**EXERCISE MATERIALS:**
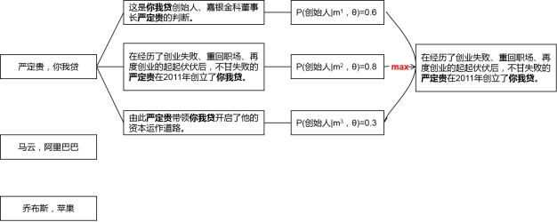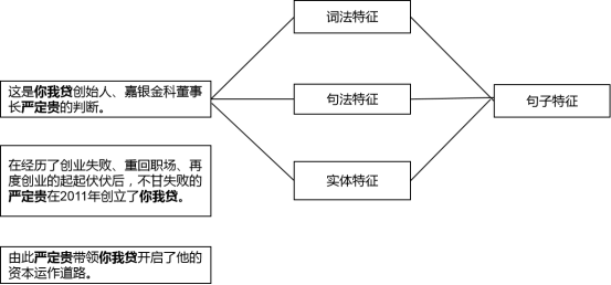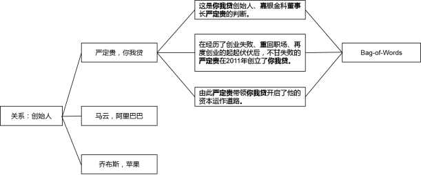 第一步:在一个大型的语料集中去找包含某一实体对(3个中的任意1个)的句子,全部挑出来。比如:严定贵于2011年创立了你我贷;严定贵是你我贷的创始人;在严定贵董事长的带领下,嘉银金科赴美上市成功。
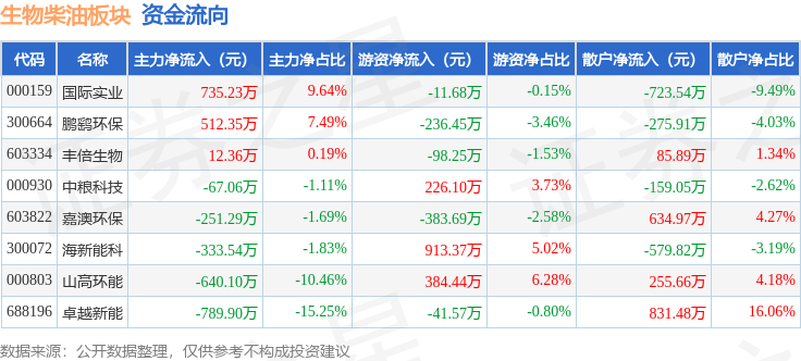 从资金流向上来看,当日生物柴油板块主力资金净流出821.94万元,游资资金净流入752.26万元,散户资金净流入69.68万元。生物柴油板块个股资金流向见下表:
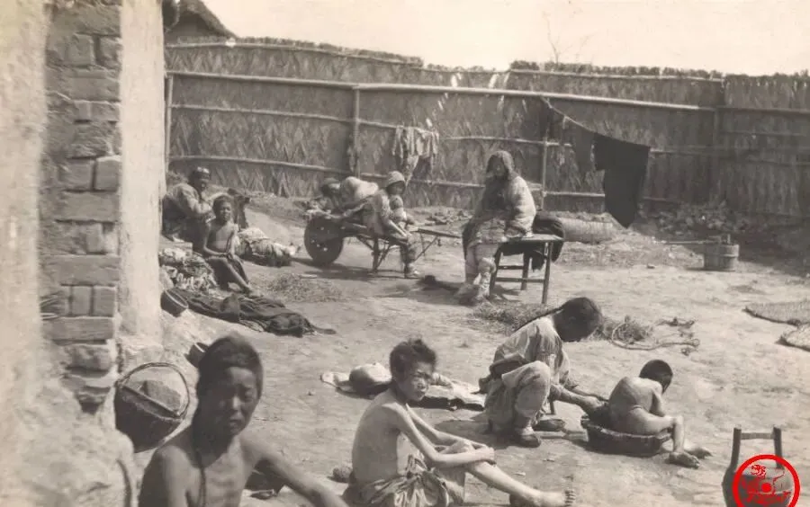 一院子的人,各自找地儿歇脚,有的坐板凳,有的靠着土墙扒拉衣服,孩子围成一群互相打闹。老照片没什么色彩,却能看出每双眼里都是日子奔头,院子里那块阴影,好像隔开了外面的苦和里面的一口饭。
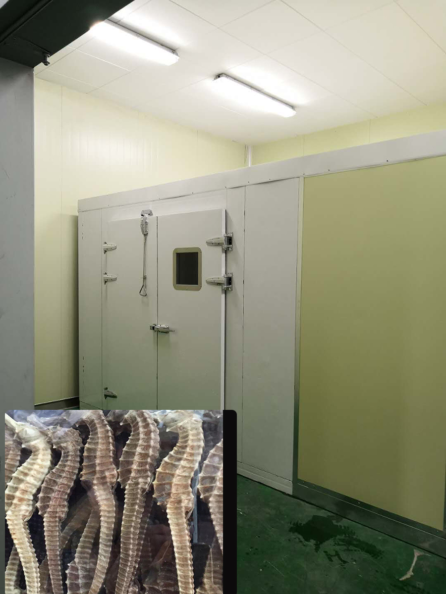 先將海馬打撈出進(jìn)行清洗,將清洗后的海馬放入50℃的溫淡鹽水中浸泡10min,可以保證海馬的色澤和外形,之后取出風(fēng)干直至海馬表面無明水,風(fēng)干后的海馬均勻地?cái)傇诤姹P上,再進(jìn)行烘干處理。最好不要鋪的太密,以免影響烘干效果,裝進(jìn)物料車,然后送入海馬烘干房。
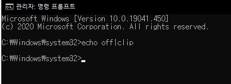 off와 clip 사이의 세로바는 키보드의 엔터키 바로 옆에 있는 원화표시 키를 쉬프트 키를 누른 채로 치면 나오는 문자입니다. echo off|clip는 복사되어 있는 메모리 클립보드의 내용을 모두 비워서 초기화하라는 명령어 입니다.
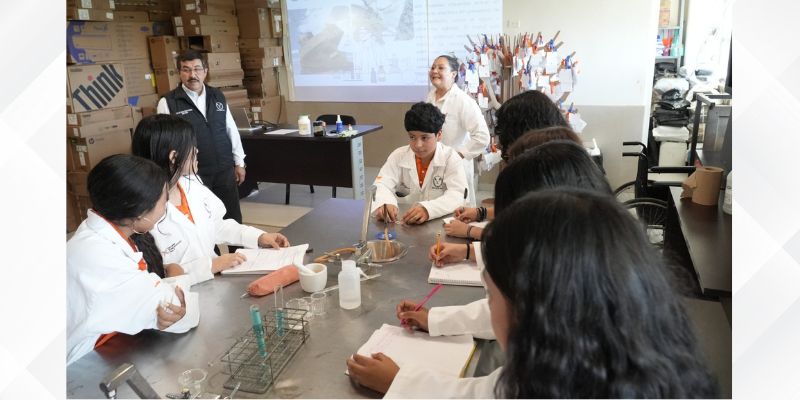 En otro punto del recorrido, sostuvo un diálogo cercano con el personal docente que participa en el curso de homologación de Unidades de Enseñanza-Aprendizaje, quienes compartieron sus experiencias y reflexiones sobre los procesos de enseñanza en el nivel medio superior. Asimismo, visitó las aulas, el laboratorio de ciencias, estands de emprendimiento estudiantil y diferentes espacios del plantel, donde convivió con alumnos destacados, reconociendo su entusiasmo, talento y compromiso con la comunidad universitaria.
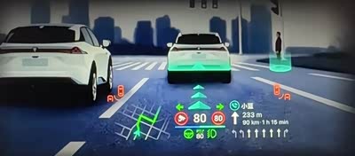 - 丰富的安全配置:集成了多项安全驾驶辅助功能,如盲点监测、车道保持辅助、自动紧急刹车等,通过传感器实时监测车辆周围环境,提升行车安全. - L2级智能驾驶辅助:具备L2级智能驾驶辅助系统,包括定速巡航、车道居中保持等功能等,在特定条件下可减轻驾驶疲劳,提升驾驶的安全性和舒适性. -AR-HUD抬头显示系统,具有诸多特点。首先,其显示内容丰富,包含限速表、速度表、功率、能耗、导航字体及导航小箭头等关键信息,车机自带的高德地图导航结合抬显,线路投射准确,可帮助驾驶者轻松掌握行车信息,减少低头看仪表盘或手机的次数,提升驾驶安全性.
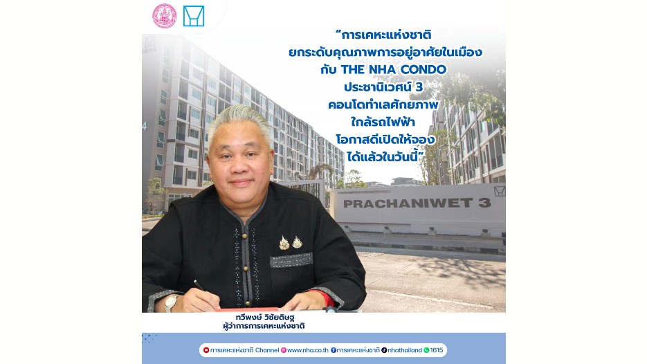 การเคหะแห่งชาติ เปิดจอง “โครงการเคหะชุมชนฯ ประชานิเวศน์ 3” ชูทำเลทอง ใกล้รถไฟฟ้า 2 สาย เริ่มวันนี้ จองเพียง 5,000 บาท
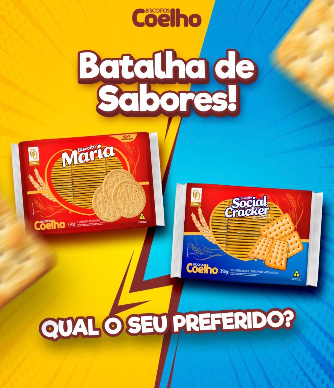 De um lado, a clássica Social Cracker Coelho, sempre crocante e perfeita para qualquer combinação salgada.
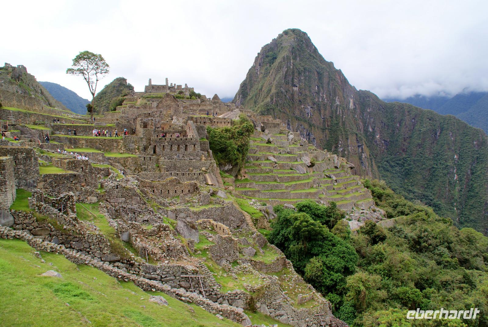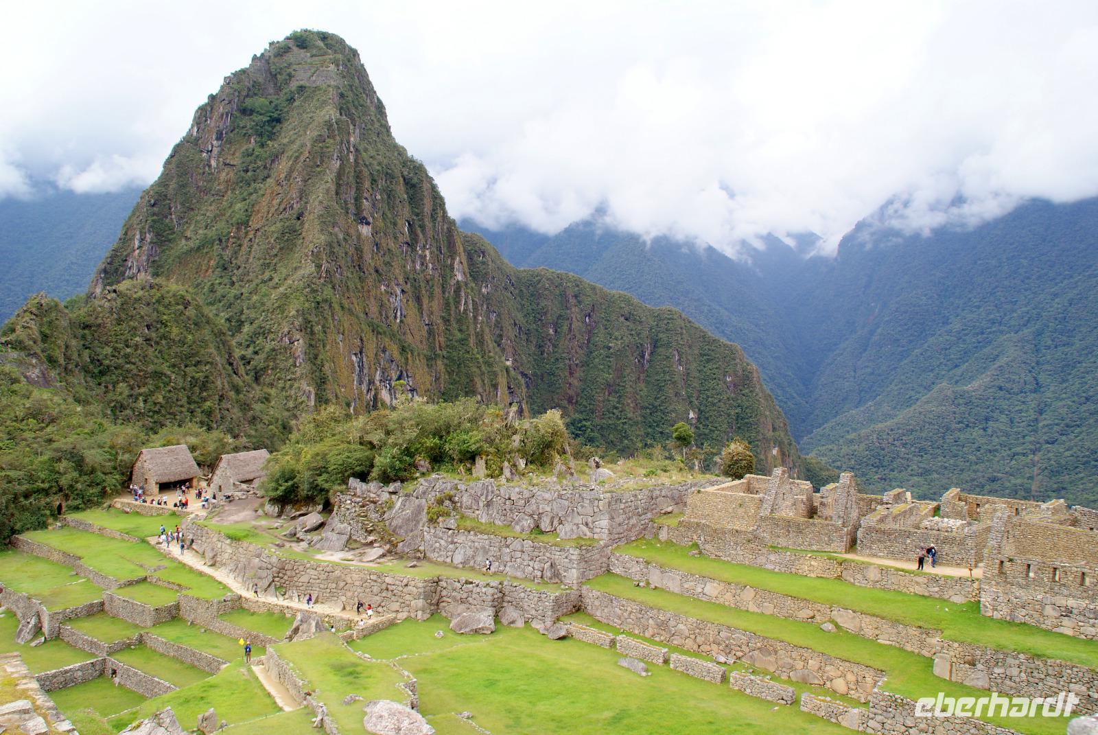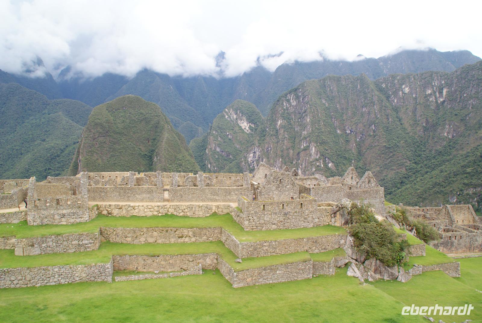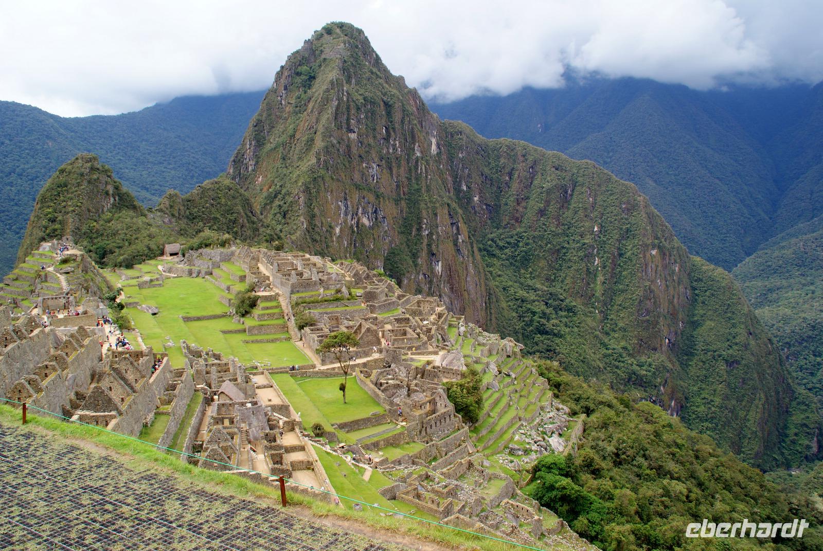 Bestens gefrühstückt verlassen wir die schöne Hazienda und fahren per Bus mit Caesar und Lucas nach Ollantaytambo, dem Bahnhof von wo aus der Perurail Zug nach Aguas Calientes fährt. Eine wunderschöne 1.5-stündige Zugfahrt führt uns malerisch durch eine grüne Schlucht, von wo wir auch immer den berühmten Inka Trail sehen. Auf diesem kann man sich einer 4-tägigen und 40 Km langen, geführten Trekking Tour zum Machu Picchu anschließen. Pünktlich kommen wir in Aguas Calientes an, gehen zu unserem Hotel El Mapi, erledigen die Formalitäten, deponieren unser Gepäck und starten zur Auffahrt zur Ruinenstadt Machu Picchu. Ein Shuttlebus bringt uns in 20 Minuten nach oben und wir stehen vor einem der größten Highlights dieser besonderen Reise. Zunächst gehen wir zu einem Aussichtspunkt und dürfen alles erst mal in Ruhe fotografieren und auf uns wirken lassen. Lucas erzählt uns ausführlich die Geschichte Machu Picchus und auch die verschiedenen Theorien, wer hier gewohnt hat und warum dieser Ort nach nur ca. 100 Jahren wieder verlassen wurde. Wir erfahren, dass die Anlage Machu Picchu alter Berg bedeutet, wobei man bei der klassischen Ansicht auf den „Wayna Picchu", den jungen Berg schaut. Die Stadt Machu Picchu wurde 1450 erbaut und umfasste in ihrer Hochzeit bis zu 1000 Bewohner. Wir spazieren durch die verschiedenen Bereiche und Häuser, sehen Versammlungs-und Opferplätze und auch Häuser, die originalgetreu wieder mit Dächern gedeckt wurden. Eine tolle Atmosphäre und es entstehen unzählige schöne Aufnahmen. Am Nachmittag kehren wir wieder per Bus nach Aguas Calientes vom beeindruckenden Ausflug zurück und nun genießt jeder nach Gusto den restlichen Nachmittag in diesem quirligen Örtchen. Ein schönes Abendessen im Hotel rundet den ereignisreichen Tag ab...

**HOW TO COMPLETE THIS TASK:** Above are the records; return the lines in them from the one with "从资金流向上来看,当日生物柴" to the one with "off와 clip 사이의", inclusive, exactly and without images.

**EXERCISE OUTPUT:**
 从资金流向上来看,当日生物柴油板块主力资金净流出821.94万元,游资资金净流入752.26万元,散户资金净流入69.68万元。生物柴油板块个股资金流向见下表:
 一院子的人,各自找地儿歇脚,有的坐板凳,有的靠着土墙扒拉衣服,孩子围成一群互相打闹。老照片没什么色彩,却能看出每双眼里都是日子奔头,院子里那块阴影,好像隔开了外面的苦和里面的一口饭。
 先將海馬打撈出進(jìn)行清洗,將清洗后的海馬放入50℃的溫淡鹽水中浸泡10min,可以保證海馬的色澤和外形,之后取出風(fēng)干直至海馬表面無明水,風(fēng)干后的海馬均勻地?cái)傇诤姹P上,再進(jìn)行烘干處理。最好不要鋪的太密,以免影響烘干效果,裝進(jìn)物料車,然后送入海馬烘干房。
 off와 clip 사이의 세로바는 키보드의 엔터키 바로 옆에 있는 원화표시 키를 쉬프트 키를 누른 채로 치면 나오는 문자입니다. echo off|clip는 복사되어 있는 메모리 클립보드의 내용을 모두 비워서 초기화하라는 명령어 입니다.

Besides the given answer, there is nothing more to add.